Always check errors, and handle them if possible, retrying where appropriate. Report run-time errors to the user and exit gracefully, reserving panic for internal program errors. Don’t ignore errors using _: this leads to obscure bugs. Assume that anything that can error will error, and handle it appropriately.

Retry on transient errors if that makes sense. Don’t let the program panic on predictable run-time errors, such as failing to read a file: a stack trace won’t help the user figure out what’s wrong. Reserve panic for unrecoverable internal program bugs only.

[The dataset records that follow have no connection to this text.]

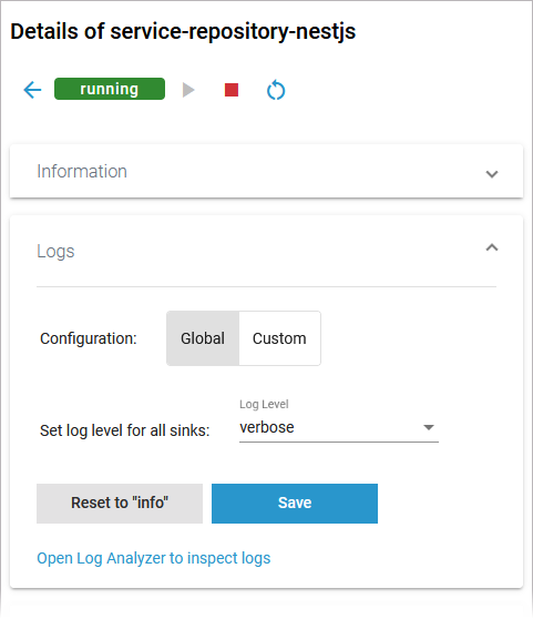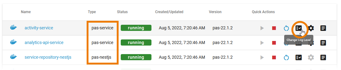 In the administration application you have the possibility to change the log level for a Docker container. The functionality is currently available for the following service types: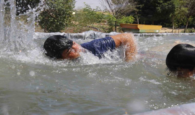 Kahraman Kaçmaz ise, havanın çok sıcak olduğunu aktararak, “Etrafımızda havuz ve su bulunmadığı için babam bize böyle bir yöntem buldu. Sıcak, bizde böyle serinliyoruz” diye konuştu.
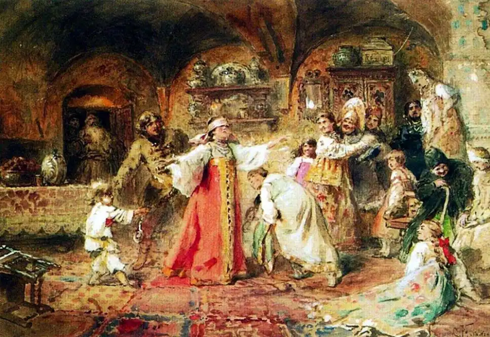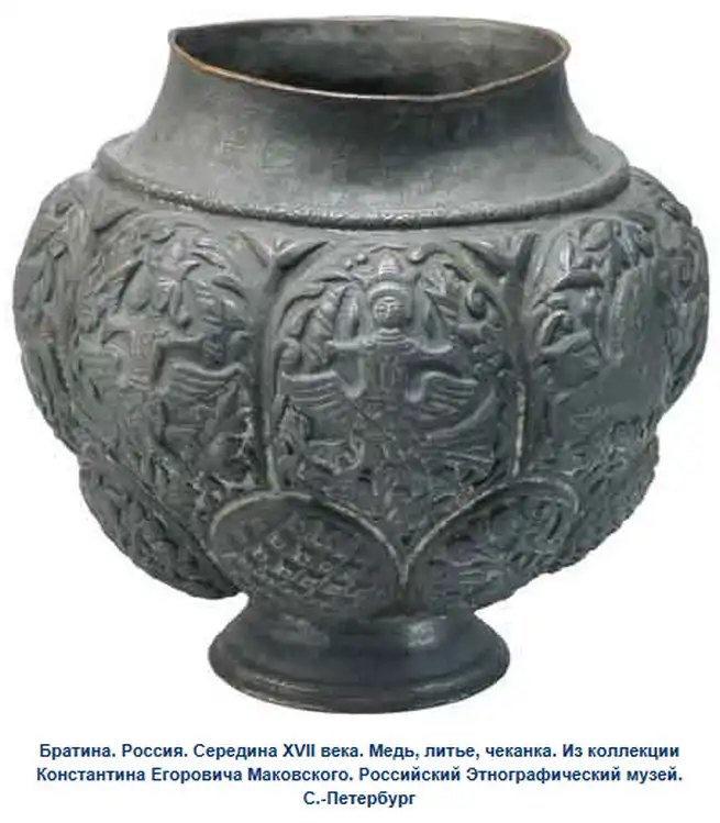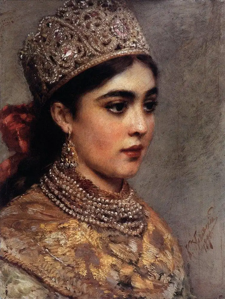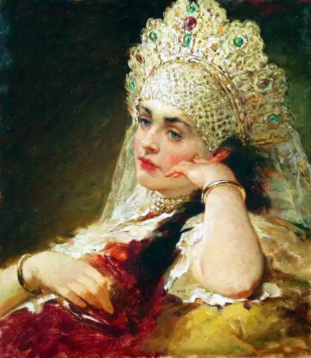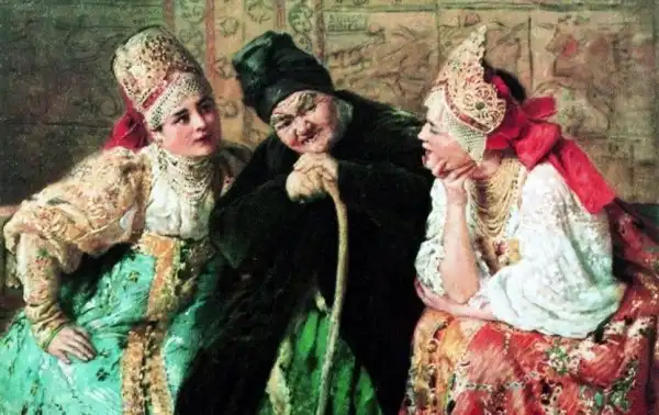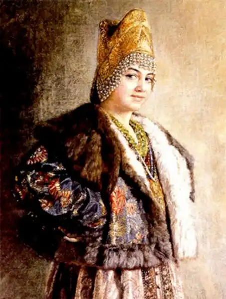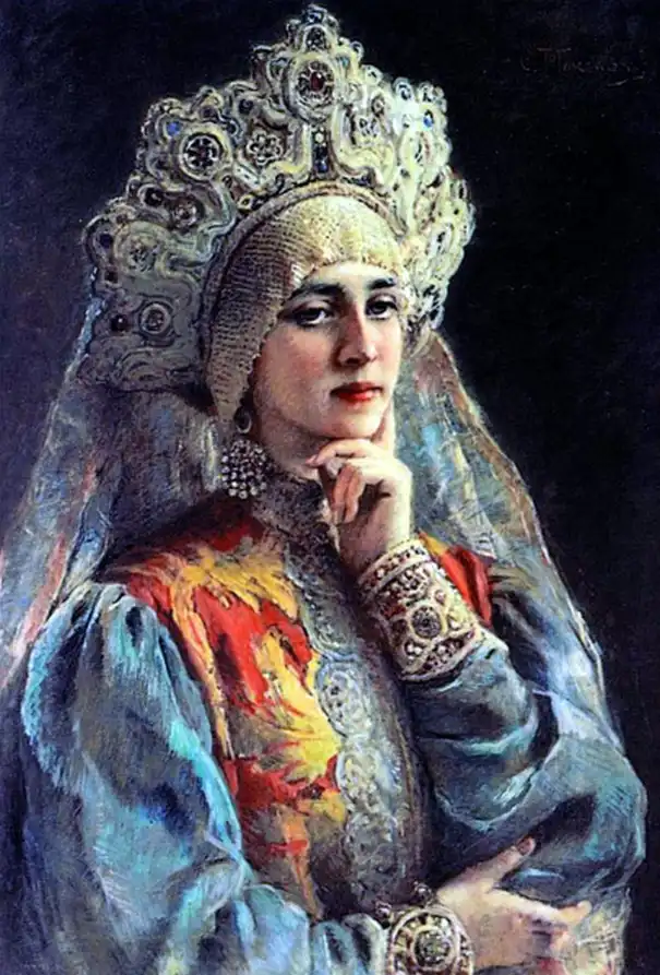 Ещё об одном из источников рассказывает, вспоминая своё детство, дочь художника Е.Лукш-Маковская: "Пришла продавщица старины из Александровского рынка, еврейка: известная старьёвщица, с помощницей, скупает со всех концов России сохранившиеся старинные уборы. Скупленные наряды у нее были большей частью с севера, и для Константина Егоровича у нее был большой выбор. И ставятся уже ларцы, развязывается большой узел, и прямо на блестящий паркет зала, против света больших окон на Неву падает с её рук целый поток материй, ложатся ломаными складками старинные платья, парчовые "кусочки". Оживлённо совещается папа с матерью, но увлекается и, жадный до каждой тряпицы, забирает зачастую всё, так ценил он русскую древность, был знатоком и не скупился на такие покупки". Благодаря таким приобретениям и коллекционированию, мы можем узнать, какие наряды были у наших предков на русской равнине и в Сибири. Известный путешественник нормандец Пьер Мартин де Ламартиньер около 400 лет назад был в экспедиции на Новой Земле, Печоре, побывал во многих местах Сибири и оставил нам зарисовки и описания сибиряков. Так, что у Ламартиньера, у Пушкина в русских сказках, у Маковского в его картинах, нет особых различий. Это не сказочные персонажи, а обычные наряды русского народа, проживающего в разных частях своей страны.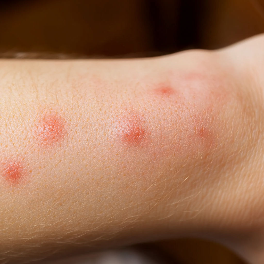 Bed Bug Bite: Bed bugs usually leave a series of bites on exposed skin (arms, neck, face). The bites appear as red, swollen spots with mild itching that can intensify over hours or days.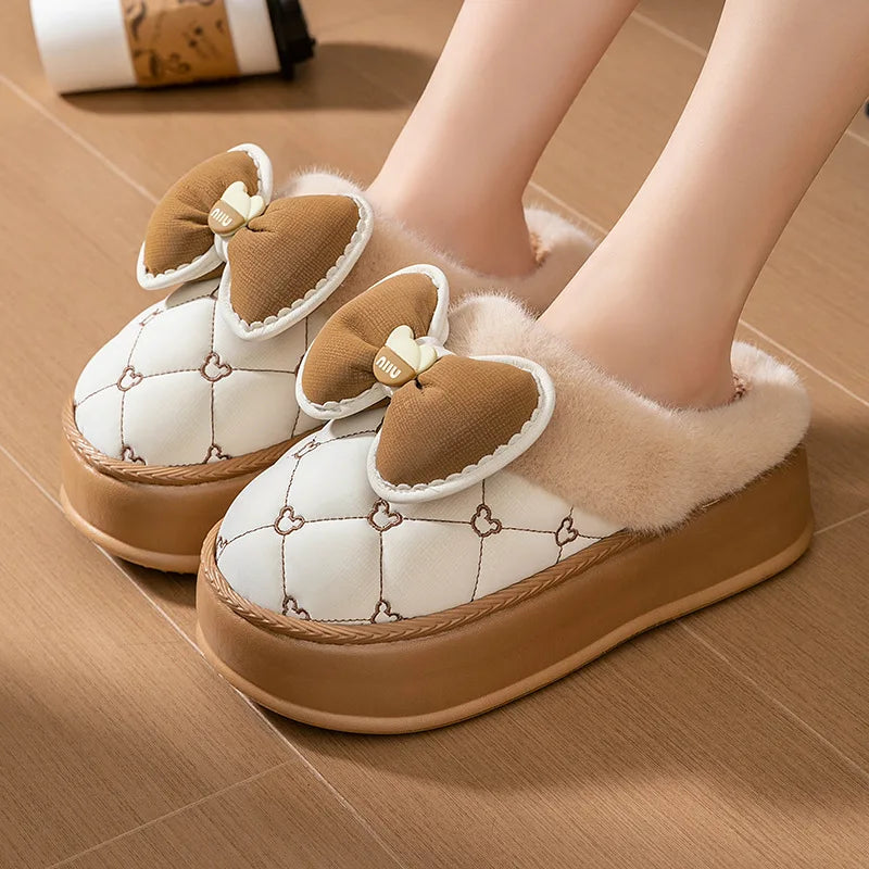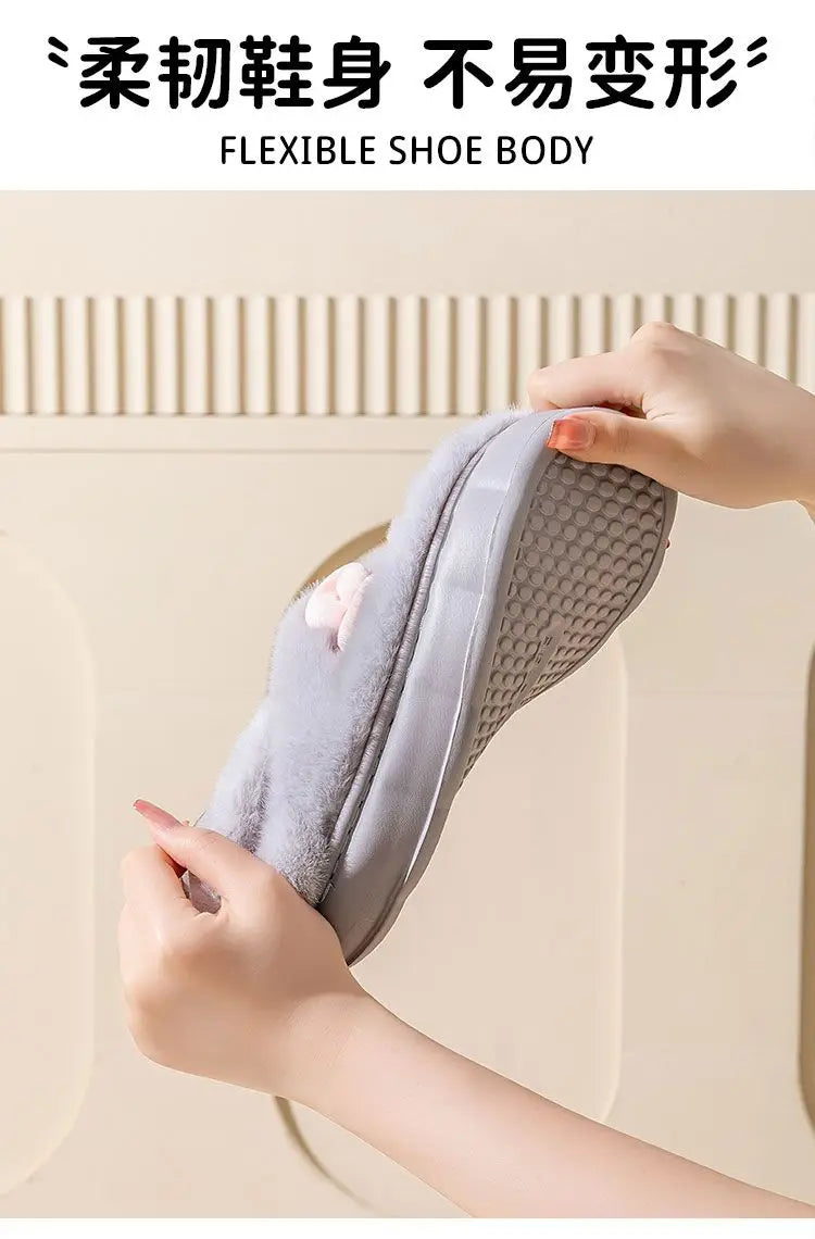 8 cm High platform fur slippers women's winter fluffy ear home shoes woman white bunny rabbit slippers woman house clog shoes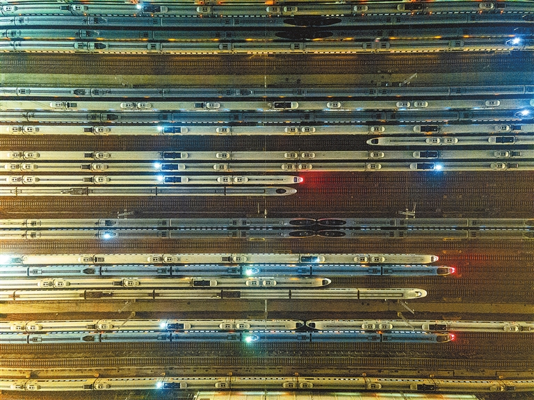 2月1日凌晨,中國鐵路鄭州局集團有限公司鄭州動車段停車場內,一列列完成當日運營任務的動車組陸續(xù)返回。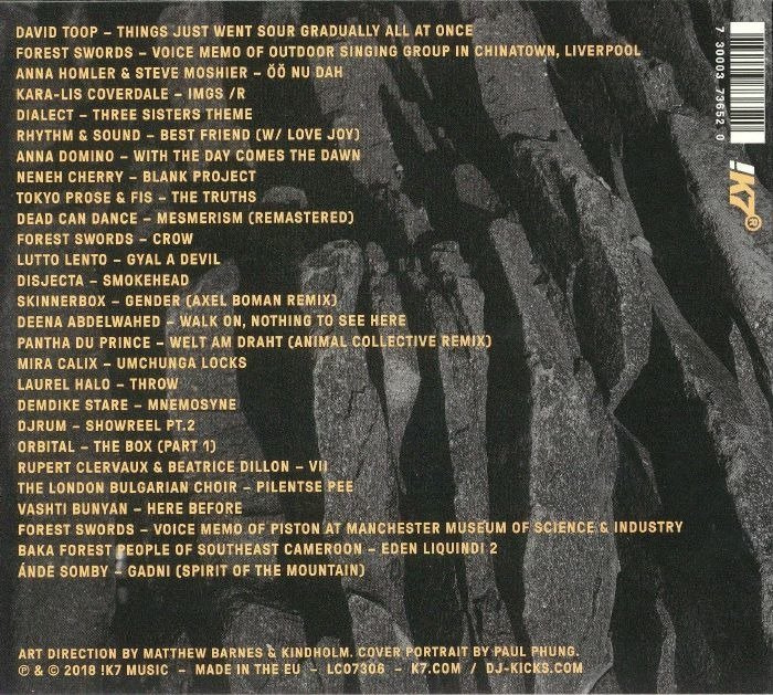 Since mood, atmosphere, emotion and a left-of-centre approach have always been the hallmarks of Forest Swords' own productions, you'd expect to find a similar emphasis on this DJ Kicks excursion. Predictably, he's done just that, conjuring up a heady, constantly surprisingly musical journey that somehow manages to draw together many different stylistic elements whilst still making perfect sonic sense. There's not enough room to go into all of the eyebrow-raising twists and turns, but expect a mix of field recordings, neo classical, 1970s electronic experiments, the dub-wise reggae of Rhythm & Sound, out-there jazz-funk, Cameroonian water rhythms (really), haunting Bulgarian choirs, post-punk pop fuzziness, contemporary leftfield techno, pastoral folk songs and a dash of mid-'90s Orbital.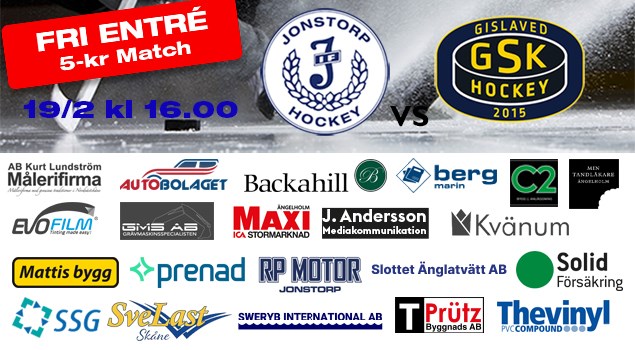 6/3 Gislaved-Jonstorp, resultat 3-4 Efter söndagens bortamatch mot Gislaved som slutade 3-4 till Jonstorp, är det nu klart att Jonstorp är seriesegrare och klara för playoff till Div 1 kval. Kommentar från tränaren: En riktig krigarinsats där vi fattas några tunga pjäser i laguppställningen och ändå lyckas slå Gislaved på full tid som inte hänt på hela fortsättningsserien! Att knipa seriesegern med en match kvar känns också otroligt skönt med tanke på hur jämnt det har varit hela vägen. Extra eloge till hela laget som kom ihop genom hela serien och fick avsluta den som segrare, nu tar vi hand om Värnamo om en vecka innan vi gör oss redo för Play-off. Målskyttar: Felix Pettersson, Benjamin Magnusson, Oskar Gudmundsson, Jacob Persson Nästa hemmamatch, söndag 13/3 kl 16.00 Jonstorp-Värnamo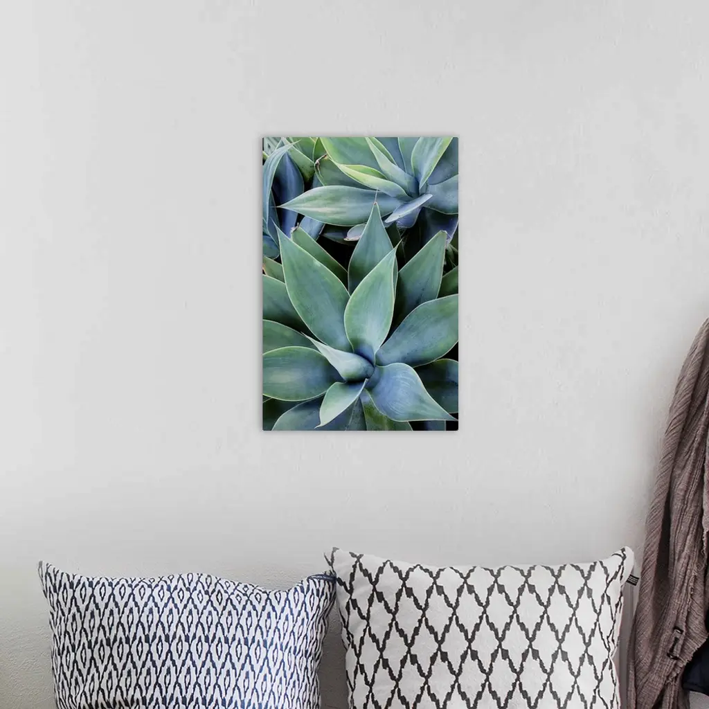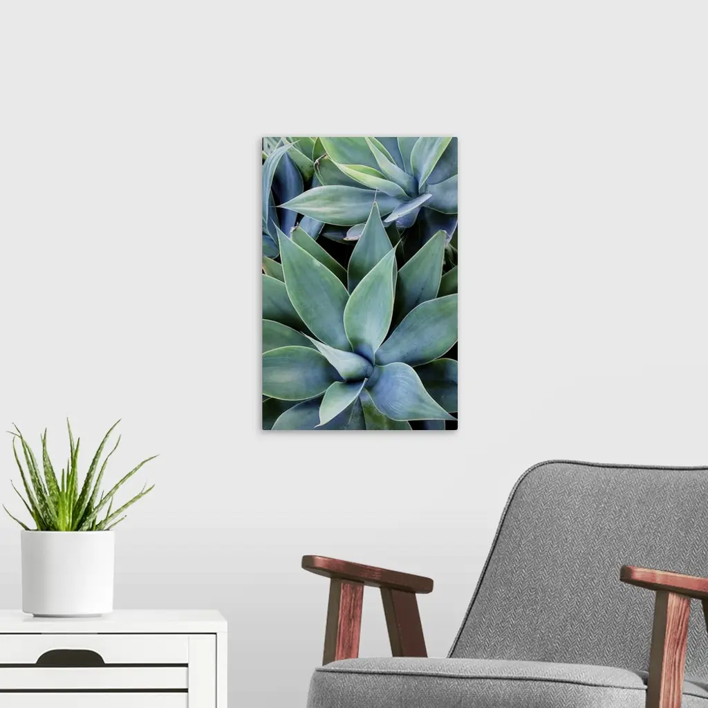 Close up photo of succulent plants with broad leaves.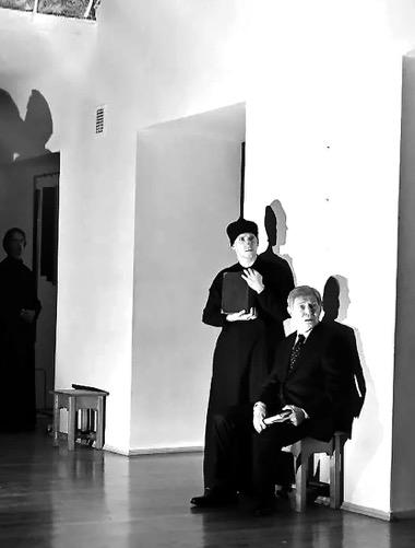 Сценическую композицию центрует и замыкает на себе старый, мудрый Игорь Николаевич Ясулович. В роли византийского интеллигента Ермия он совсем ничего не делает. Сидит с книжкой Лескова в руках и негромко читает текст сказания, не заботясь о личном актерском успехе и не беспокоясь о впечатлении, которое произведет его чтение. Он пребывает далеко и высоко — там, где такие мелочи не будоражат душу и не разогревают огня в крови. Оттуда, с немыслимой и непредставимой высоты, он доносит до зрителя не «слова—слова-слова», но смыслы слов. Мужественная, сильная, простая и в высшей степени логосная игра. Роль-восхождение, последняя в жизни артиста. Сейчас в спектакле звучит только его голос и еще — тень на стене. Оставить такой нестираемый след на земле дорогого стоит. Это единственный известный мне случай, когда образ ушедшего от нас артиста режиссер сохранил как живую художественную реальность.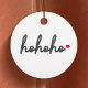 Moderne, minimalistische runde Geschenkmarke mit "ho ho ho ho ho" in Schrift-Handschrift Typografie in schwarz gefolgt von einem niedlichen roten Liebe Herz. Das perfekte Geschenk oder Accessoire mit einem super festlichen Weihnachtsgefühl für die Ferien, die Sie Liebe!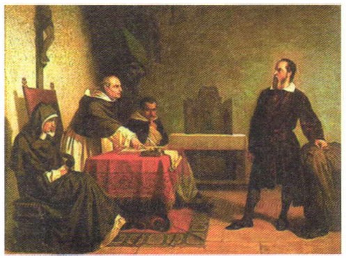 Галилей перед судом инквизиции Под угрозой пыток Галилея заставляют отречься от учения Коперника. Но согласно преданию Галилей после отречения произносит: «А всё-таки она вертится!» (имея в виду Землю). После суда Галилей считается узником инквизиции и живёт под домашним арестом. Но он продолжает работать, и в 1638 году в Голландии выходит вторая его великая книга — «Беседы и математические доказательства, касающиеся двух новых отраслей науки...». В этой книге подводится итог основным научным исследованиям Галилея. Галилей понимал, что его титанический труд — только начало великого и бесконечного пути познания природы. Он скромно писал: «...Моя работа послужит основанием науки, которую великие умы разработают обширнее». И здесь Галилей тоже оказался прав: не прошло и года после его смерти, как в Англии родился его великий последователь — Исаак Ньютон. Он развил идеи Галилея и сформулировал основные законы механики. В качестве первого из них Ньютон взял открытый Галилеем закон инерции (см. §12. Закон инерции. Масса тела). Когда Ньютона спросили, как он смог сделать столько великих открытий, он ответил: «Я стоял на плечах гигантов». И главным из них был, конечно, Галилей!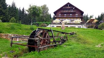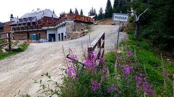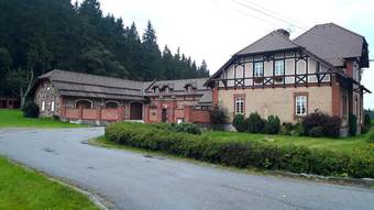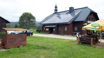 Hotel a hospoda na Bučině. Bučina je nejvýše položená osada v ČR, tvrdila cedule. Věřím jí, kopec to byl ukrutnej :-)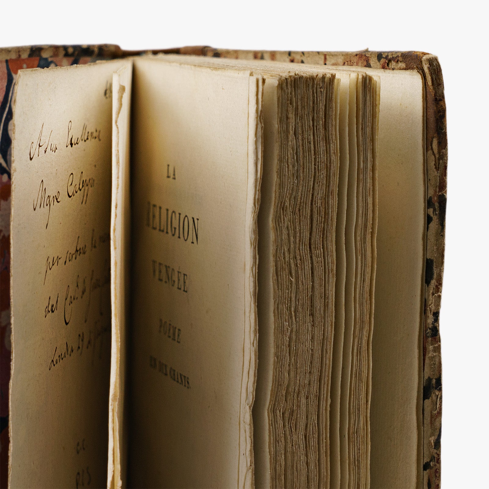 BERNIS (François-Joachim de Pierre de) [1715–1794].— LA // RELIGION // VENGÉE // POËME // EN DIX CHANTS. // À PARME // DANS LE PALAIS ROYAL // MDCCXCV.— In-8.º., [xxviii], 248 p. E. editorial em papel marmorizado, com lombada e cantos em pele.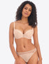 For that perfect everyday style, look no further than the Freya Signature padded plunge bra in natural beige. The cups are lined wit a thin, light foam to give great shape, in a 3-part structure to provide uplift and projection with a low plunging neckline. Overlaid in a diamond mesh with scalloped edging for a pretty finish.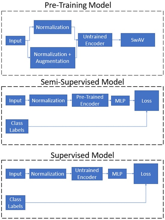 We used the same architectural parameters across both styles of deep-learning models. This allowed us to easily swap a pre-trained encoder into the supervised architecture, creating the semi-supervised architecture. For all deep-learning models testing PCA inputs, we used an embedding size of 128; a sequence length of 16, meaning that the model can address 16 pixels at a time, a feature length of 16; 12 encoding layers; a dropout rate of 0.2; and 4 attention heads. When performing supervised learning, the learning rate for all models was 5 × 10−4. When performing pre-training, the learning rate used was 5 × 10−5, as we found that a higher learning rate did not lead to stable results. The classification decoder is a 2-layer multilayer perception, with the number of parameters depending on the output classes. Loss, used to update model weights, was calculated using the binary cross-entropy loss function. No fine-tuning of model hyperparameters was performed. All deep-learning models were trained using a 60% training/20% validation/20% testing data split, with the validation data reserved to ensure our models had not overfit. All data were normalized to have unit mean and standard deviation before being fed to our deep-learning models.

Don’t make the user rely on documentation to be able to run your program. Make their first-run experience a pleasant one: instead of nasty error messages, show usage hints and examples. Don’t try to interact with users by prompting them via the console or dialog boxes. Let them automate your program and run it headlessly, using flags or config files to customise its behaviour.

10. Log only actionable information

If you use logging, don’t spam the user with pointless info messages: if nothing needs saying, say nothing. Logorrhea is irritating, so don’t spam the user with trivia.

If you log at all, log only actionable errors that someone needs to fix. Don’t use fancy loggers, just print to the console, and let users redirect that output where they need it. Never log secrets or personal data.

Use slog to generate machine-readable JSON:

logger := slog.New(slog.NewJSONHandler(os.Stdout, nil))
logger.Error("oh no", "user", os.Getenv("USER"))
// Output:
// {"time":"...","level":"ERROR","msg":"oh no",
// "user":"bitfield"}

Logging is not for request-scoped troubleshooting: use tracing instead. Don’t log performance data or statistics: that’s what metrics are for.

Guru meditation

Let’s be real: no program is perfect, and the same applies to programmers. We won’t always achieve all the goals set out here, or not at first. It’s more important to get the program working first, get it in front of users early, and only once it does what it’s supposed to should we worry about making the code nicer.

My mountain-dwelling guru also says, “Make it work first, then make it right. Draft a quick walking skeleton, using shameless green, and try it out on real users. Solve their problems first, and only then focus on code quality.”

Equally, though, it’s a mistake not to care about code quality. You never know whether your Go package will be used in something like a medical X-ray machine or a spacecraft control system. All software is critical to somebody.

Software takes more time to maintain than it does to write, so invest an extra 10% effort in refactoring, simplifying, and improving code while you still remember how it works.